Incremental processing

DATA ENGINEERING

Incremental processing is a tried and true approach to improving data transformation performance and reducing cost. The basic idea is that you avoid reprocessing source data multiple times by having each job process only new or changed rows. This recipe shows how to implement incremental processing with Apache Iceberg tables.

Typically, this pattern has been achieved using a shared control table to keep track of the most recent source record processed with a high watermark on a data column. The implementation using Iceberg tables improves upon this idea by taking advantage of immutable snapshot lineage for a data-independent way to find unprocessed records.

This recipe also shows how to track the high watermark in snapshot metadata. One of the advantages of this approach is that processing state is stored with the data. This avoids a number of operational issues from correctness to migrations. While these examples are shown using Apache Spark, this pattern can be implemented in any Iceberg-compatible environment.

Incremental reads with snapshot watermarks

This example will enhance the idempotent log message deduplication example from the MERGE recipe. That recipe used a SQL MERGE to add new rows to a logs table.

MERGE INTO logs AS t
USING log_source AS s
 ON t.log_id = s.log_id
WHEN NOT MATCHED THEN INSERT *

This recipe will produce the log_source data as a view.

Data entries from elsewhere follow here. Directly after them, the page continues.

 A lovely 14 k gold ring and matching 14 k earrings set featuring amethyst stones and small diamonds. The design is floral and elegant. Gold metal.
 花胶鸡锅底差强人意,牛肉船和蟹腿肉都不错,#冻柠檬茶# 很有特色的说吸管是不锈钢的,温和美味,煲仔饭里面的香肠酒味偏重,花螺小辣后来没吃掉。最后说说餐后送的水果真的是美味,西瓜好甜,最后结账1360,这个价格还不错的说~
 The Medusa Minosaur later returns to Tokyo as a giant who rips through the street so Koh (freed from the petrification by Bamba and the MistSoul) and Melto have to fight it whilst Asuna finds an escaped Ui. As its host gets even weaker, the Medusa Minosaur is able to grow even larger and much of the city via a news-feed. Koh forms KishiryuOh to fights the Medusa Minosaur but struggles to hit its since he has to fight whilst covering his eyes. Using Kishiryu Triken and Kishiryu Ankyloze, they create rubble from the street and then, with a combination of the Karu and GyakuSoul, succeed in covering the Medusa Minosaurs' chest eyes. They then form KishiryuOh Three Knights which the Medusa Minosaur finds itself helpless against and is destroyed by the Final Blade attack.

The raw, potentially duplicated log records come from the raw.log_source table and the target table is final.logs.

Retrieve source table watermark

To keep track of what has already been processed, this pattern stores the last processed snapshot ID as a high watermark. This is the snapshot ID that was current in the source table the last time the incremental job ran. The rows that need to be processed in the current run are rows written in newer snapshots.

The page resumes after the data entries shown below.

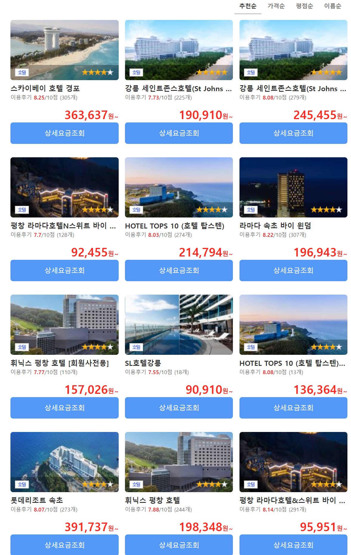 강릉, 속초 숙소도 가격이 너무 비쌉니다.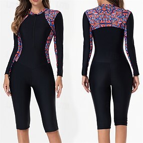 Femmes Maillot Anti UV Maillot de bain 1 pièce imprimé fermeture éclair sur le devant Spandex Protection Solaire UV UPF50+ Séchage Rapide manche longue Le Maillot de corps maillot de bain Surf Plage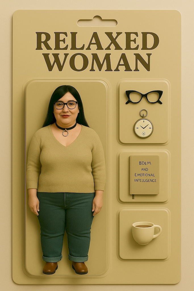 Es war ein Bild, das so viel mehr war als nur eine KI-Spielerei. Es zeigte mich, wie ich bin – oder sein könnte, oder vielleicht manchmal sein möchte: als „Executive Boss“, als „Relaxed Woman“, als „Healing Hero“. Nicht als Witzfigur. Nicht als Parodie. Sondern als starke, runde, elegante, verletzliche, kämpferische Frau mit Haltung, Stil – und einem verdammt gut platzierten O-Ring um den Hals.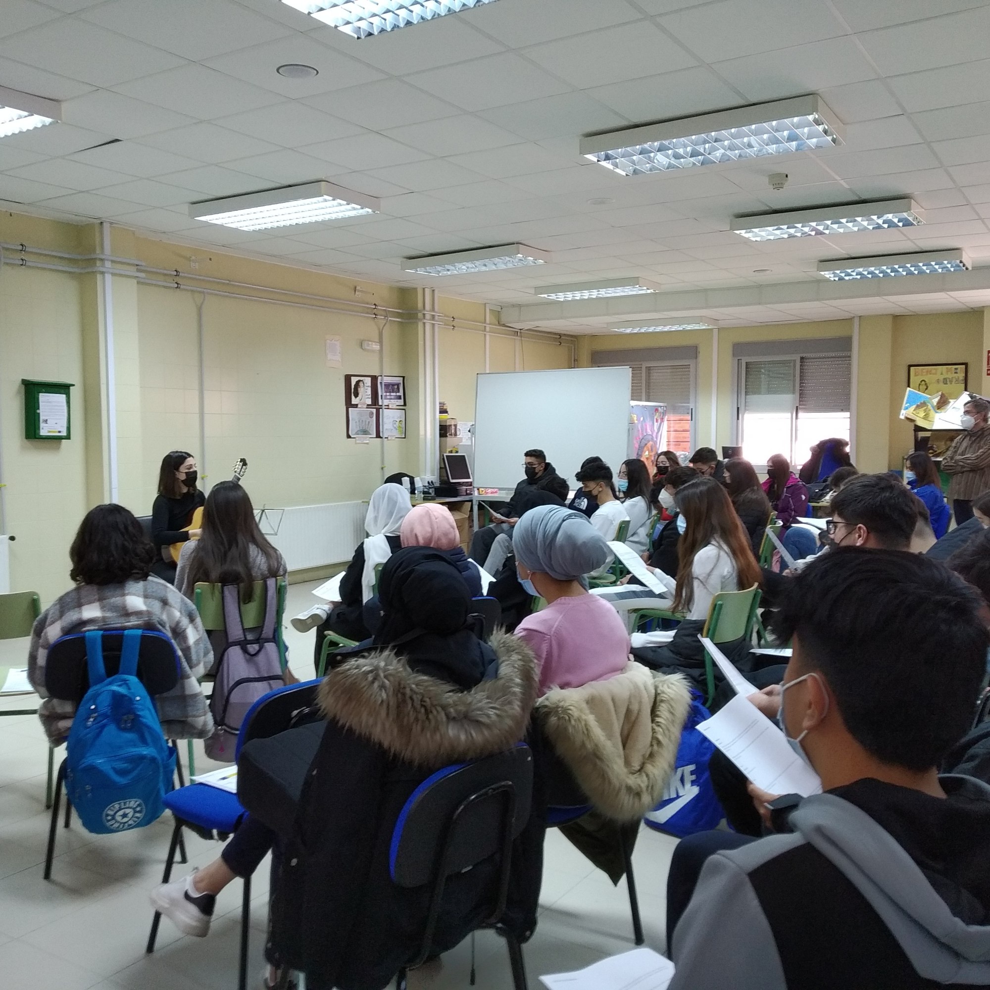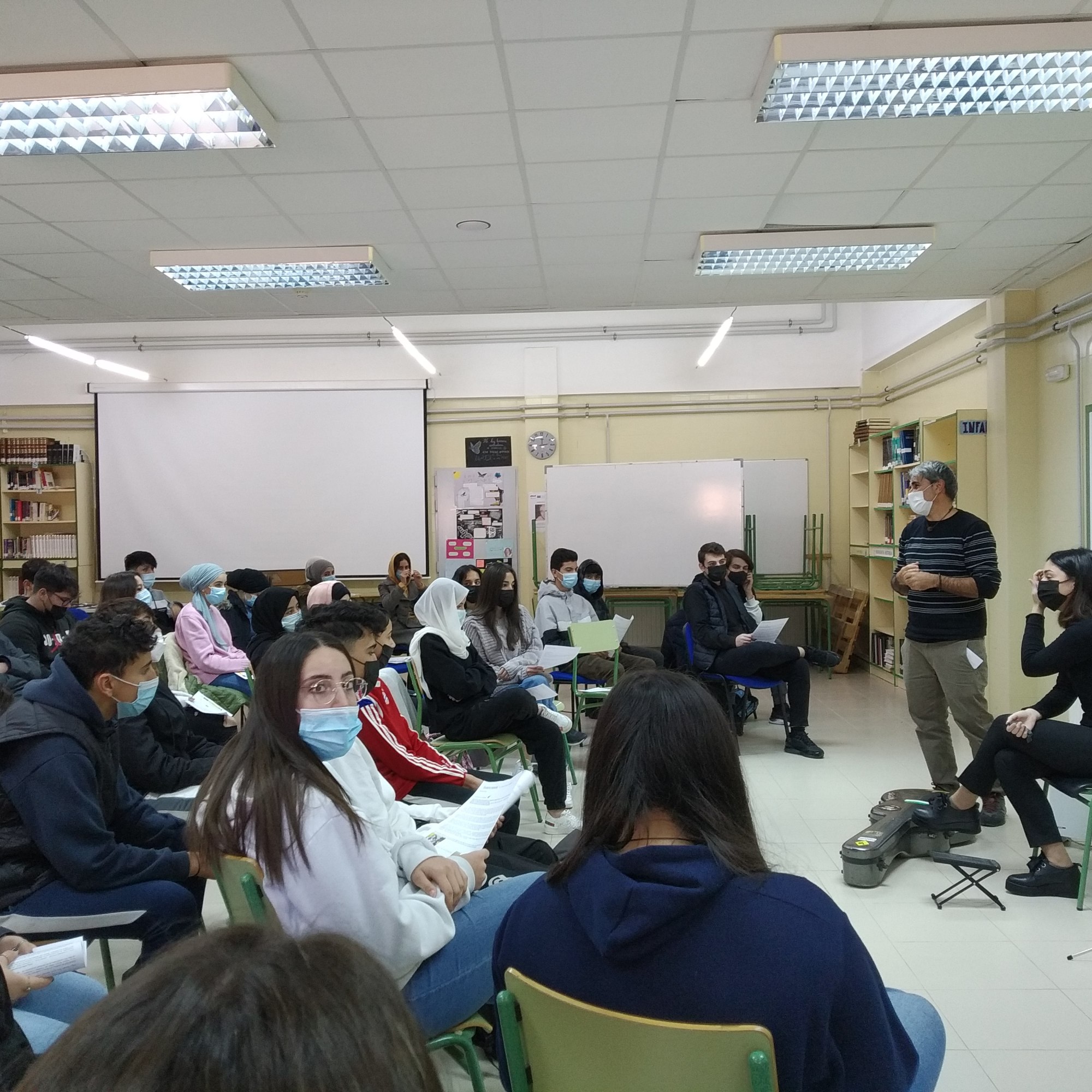 El pasado miércoles, un grupo de alumnos de 4º y 2º PMAR ponía el broche final al proyecto «En movimiento» que les ha permitido investigar sobre las migraciones, desplazamientos forzosos y todas sus consecuencias sociales y emocionales, las experiencias personales compartidas… Este trabajo ha sido posible gracias a la profesora Miriam Martínez. En breve, publicaremos en este blog más información sobre dicho proyecto.

The last processed snapshot ID is stored in the final table’s snapshot summary metadata. This same mechanism can be used to track the high watermarks for multiple source tables, so it is recommended to include the source database and table as part of the property key.

// load the logs table (this is the target table that has been deduplicated)
Table logsTable = Spark3Util.loadIcebergTable(spark, "final.logs");
// Retrieve last processed snapshot ID from the table
String lastProcessedId = logsTable.currentSnapshot()
    .summary()
    .get("watermark:raw.log_source");

The next piece of information needed is the source table’s current snapshot. The two snapshots define the range of commits that need to be processed from the source table.

// load the source table, log_source
Table logSourceTable = Spark3Util.loadIcebergTable(spark, "raw.log_source");
String toProcessId = logSourceTable.currentSnapshot().snapshotId().toString()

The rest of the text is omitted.